▶ _Assignment_:
Repeat exactly the lines below, from the line containing "Rueda firma un" through the last line, both included. Leave out any pictures.

▶ _Material provided_:
○ ○ ○ ○

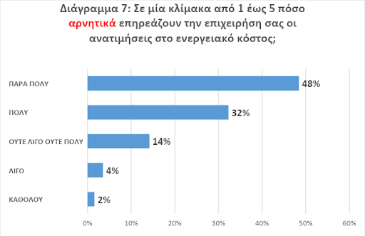 - Παρά το γεγονός ότι οι εμπορικές επιχειρήσεις δεν είναι έντασης ενέργειας, παρατηρείται σημαντική επιδείνωση στις αρνητικές επιπτώσεις (Διάγραμμα 7). Ειδικότερα, 8 στις 10 επιχειρήσεις δήλωσαν ότι επηρεάστηκαν πολύ/ πάρα πολύ από τις ανατιμήσεις στις τιμές της ενέργειας, ενώ σε αντίστοιχη μέτρηση των θερινών εκπτώσεων, μόλις τρεις μήνες πριν, στον ίδιο υψηλό βαθμό είχαν επηρεαστεί 7 στις 10.
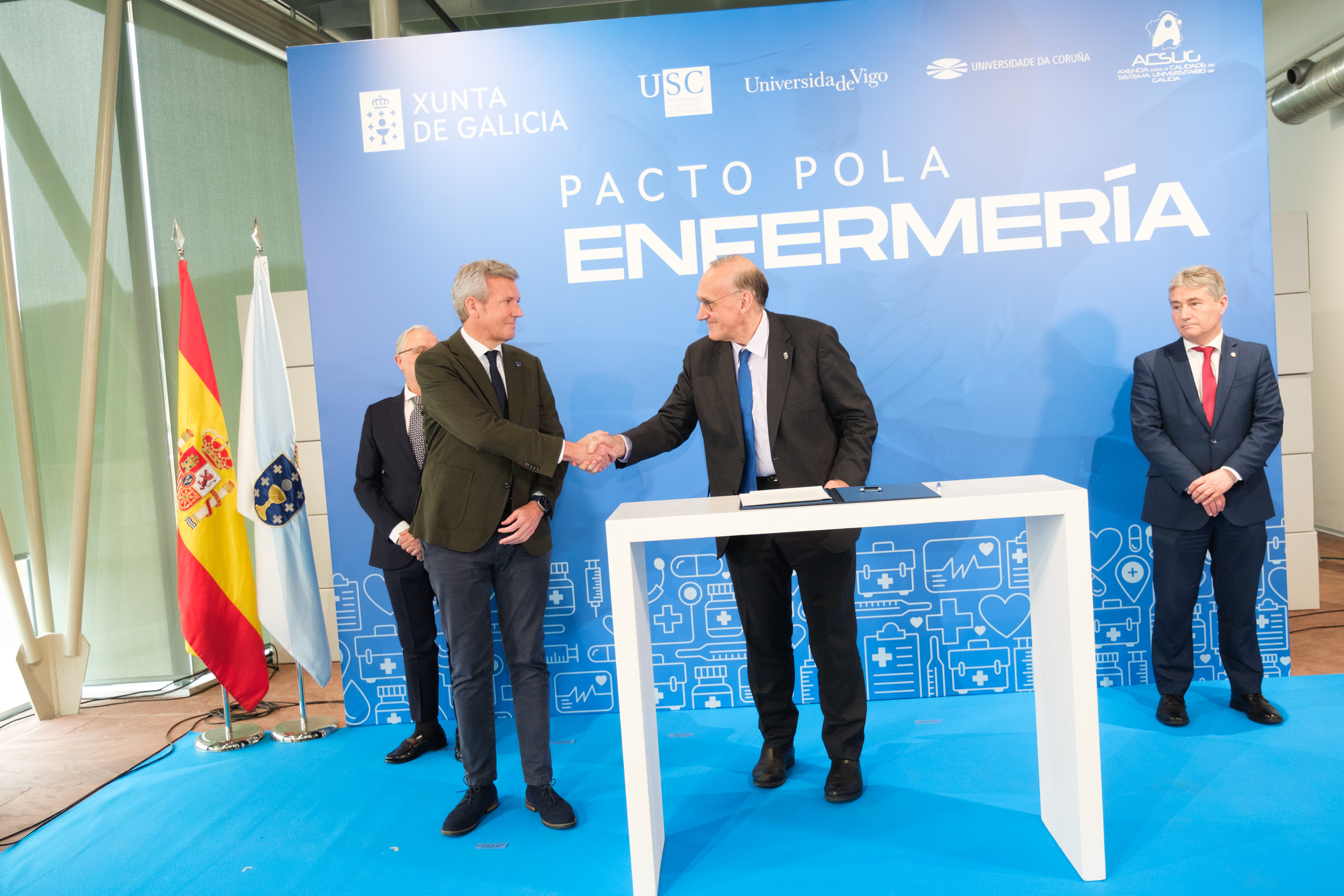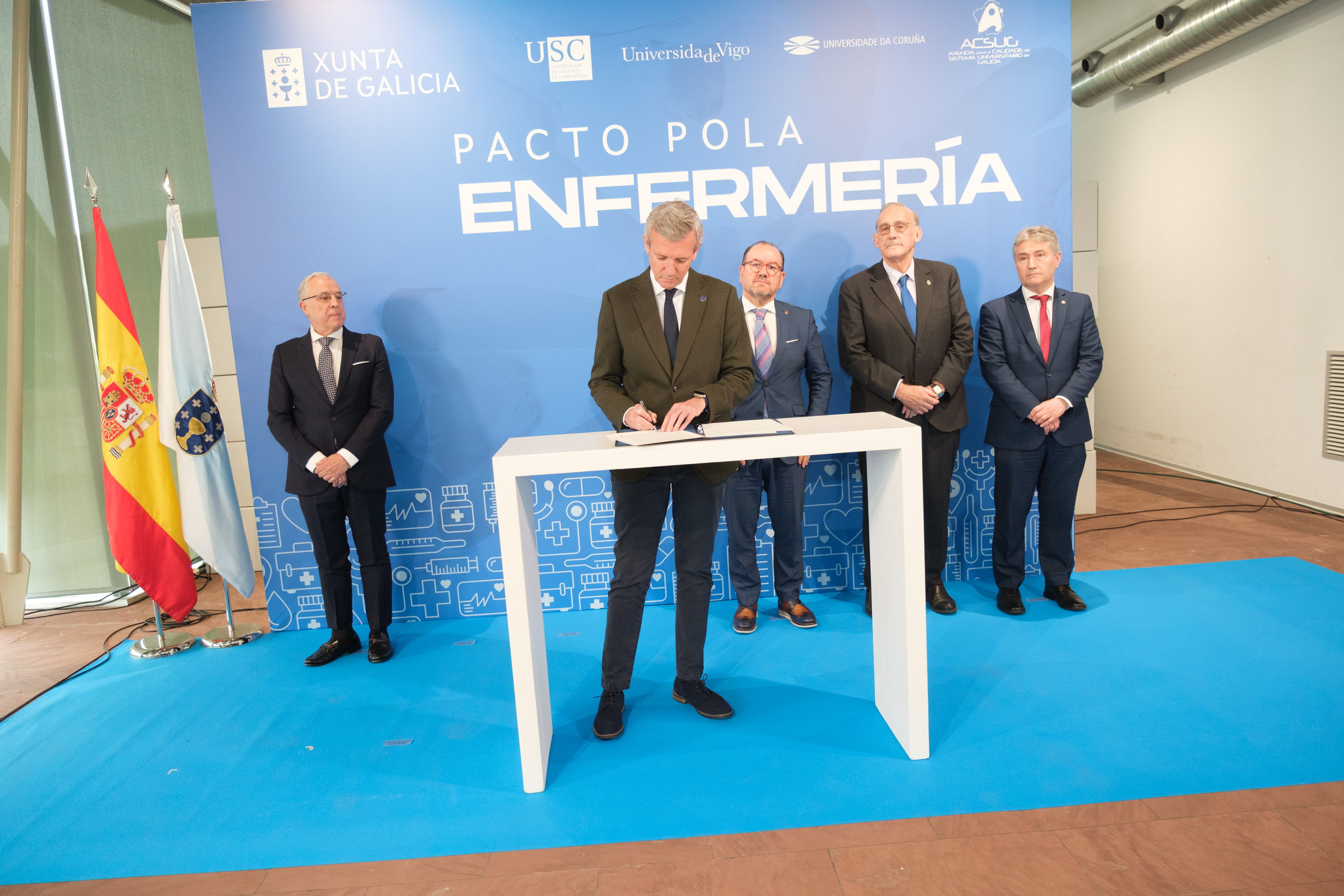 Rueda firma un pacto por la Enfermería entre la Xunta y las universidades públicas gallegas para mejorar la formación y reforzar el sistema sanitario
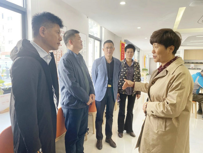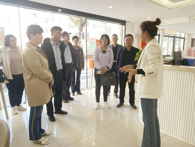 调研组一行又到达常州万家安护理站,对于全龄友好空间内护理站的嵌入式服务,董事长王秀向包会长和王海副局长一行做了全面介绍。结合医疗护理服务增能的大方向的指引,江苏枝秀深刻践行医+养融合的发展方向,2021年率先在我市成功建设万家安护理站——是专注于社区居家生活照料、医康养护理,建立健康档案等服务的专业医疗机构。这支由护师、护士、康复理疗师、治疗师和其他护理人员组成的专业护理团队,为全龄居民提供不同个体差异的生活照料、专业护理及健康咨询等服务满足不同年龄段人群的需求。
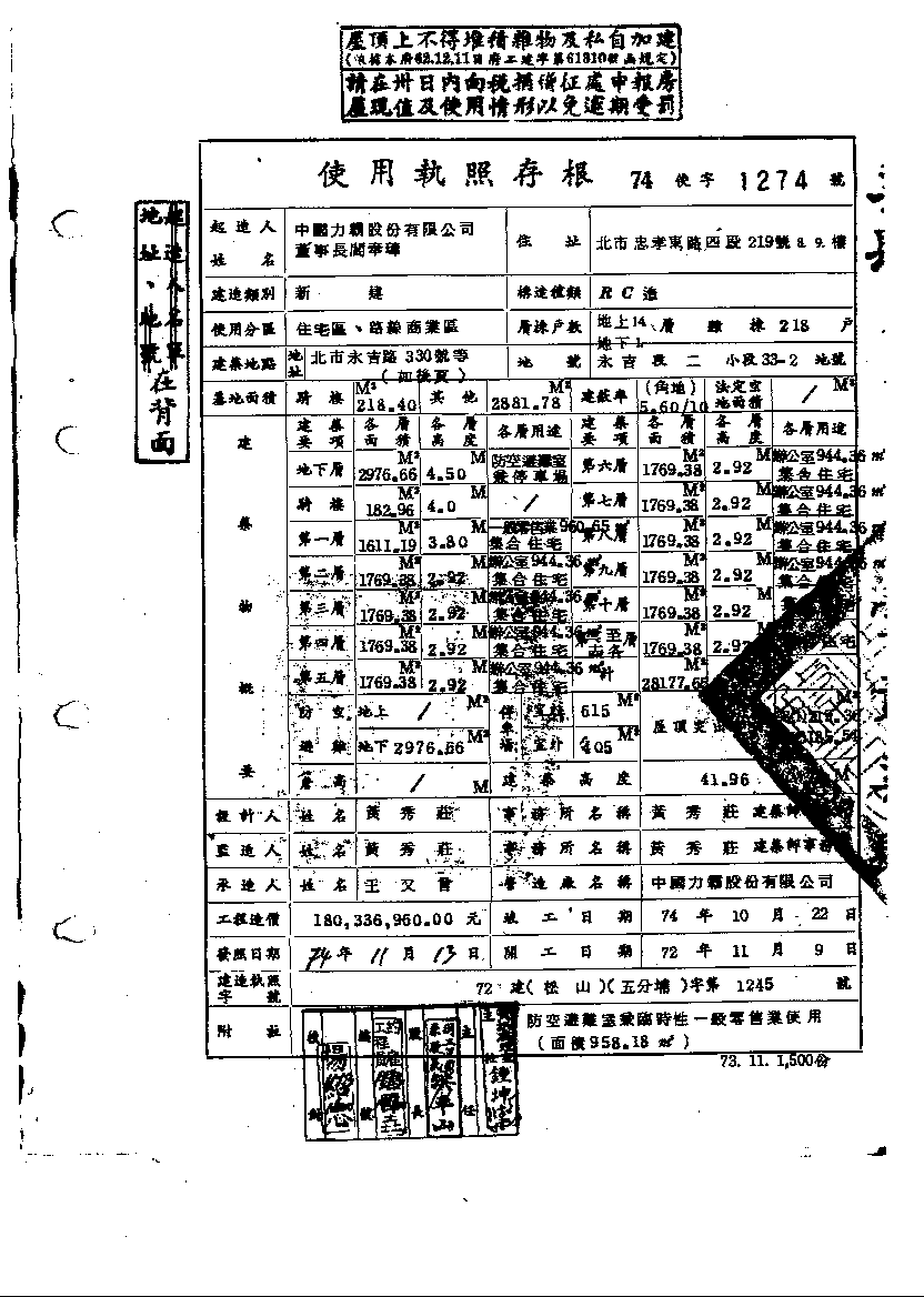 - 備註說明:使用執照存根附表

○ ○ ○ ○

▶ _Reply_:
 Rueda firma un pacto por la Enfermería entre la Xunta y las universidades públicas gallegas para mejorar la formación y reforzar el sistema sanitario
 调研组一行又到达常州万家安护理站,对于全龄友好空间内护理站的嵌入式服务,董事长王秀向包会长和王海副局长一行做了全面介绍。结合医疗护理服务增能的大方向的指引,江苏枝秀深刻践行医+养融合的发展方向,2021年率先在我市成功建设万家安护理站——是专注于社区居家生活照料、医康养护理,建立健康档案等服务的专业医疗机构。这支由护师、护士、康复理疗师、治疗师和其他护理人员组成的专业护理团队,为全龄居民提供不同个体差异的生活照料、专业护理及健康咨询等服务满足不同年龄段人群的需求。
 - 備註說明:使用執照存根附表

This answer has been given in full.